Я чувствую страшную усталость во всем теле. Хорошо, что здесь не слышно воя ветра, товарищи рядом, и от этого как-то легче на душе.
— Так, дальше, — слышу я спокойный голос Белова, рассказ которого прервал мой приход. — Ну я и говорю: «Если ты хочешь выходить за меня замуж, то выходи». Леночка говорит: «Хочу». Тогда я еду…
— А теща? Теща что? — с нескрываемым интересом спрашивает Каракаш.
Зиночка открывает глаза.
И от этого спокойного, монотонного голоса Белова мне тоже делается спокойнее и океан не кажется таким страшным.
Нужен, очень нужен такой голос в опасную или тяжелую минуту. Он поддерживает в людях бодрость и заставляет забывать о настоящем.
В дверях показывается Тубакин. Против обыкновения он серьезен:
— Ребята, барометр медленно пошел вверх. Я только что был в кают-компании и смотрел сам.
— Давно пора. А если к стрелке привязать нитку и тянуть ее наверх, погода не улучшится быстрее? — шутит Шмаков. Все оживляются.
Океан продолжает неистовствовать, но мы повеселели. «Гдов» надежный пароход, а ветер не будет дуть вечно.
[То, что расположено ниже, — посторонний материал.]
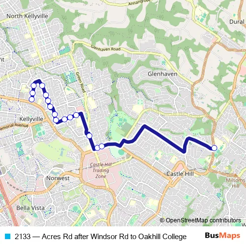The first stop of the 2133 bus route is Acres Rd Opp Spring Rd and the last stop is Oakhill College, Old Northern Rd. 2133 (Acres Rd after Windsor Rd to Oakhill College) is operational during on weekdays.

…«Жемчужина Тихого океана» — так называют американцы остров Оаху, где расположен город Гонолулу… Буруны тянутся вдоль прячущихся в воде рифов. Они вкатываются кружевом пены на пологий берег. Пальмы образуют зеленый венок на холмах. Плантации с ровными рядами ананасов. Коричневые люди, нагнувшись, работают между ними. Белые каменные пирсы блестят на солнце. Остров поднимается из моря, как изумруд, брошенный чьей-то могучей рукой между воли океана. Ворота порта, на башне которых написано по-гавайски «Добро пожаловать», и цветы. Цветы везде: на улицах, площадях, в порту… Нежная туземная музыка. «Земной рай», как оповещают кричащие рекламы многочисленных отелей, расположенных на берегу.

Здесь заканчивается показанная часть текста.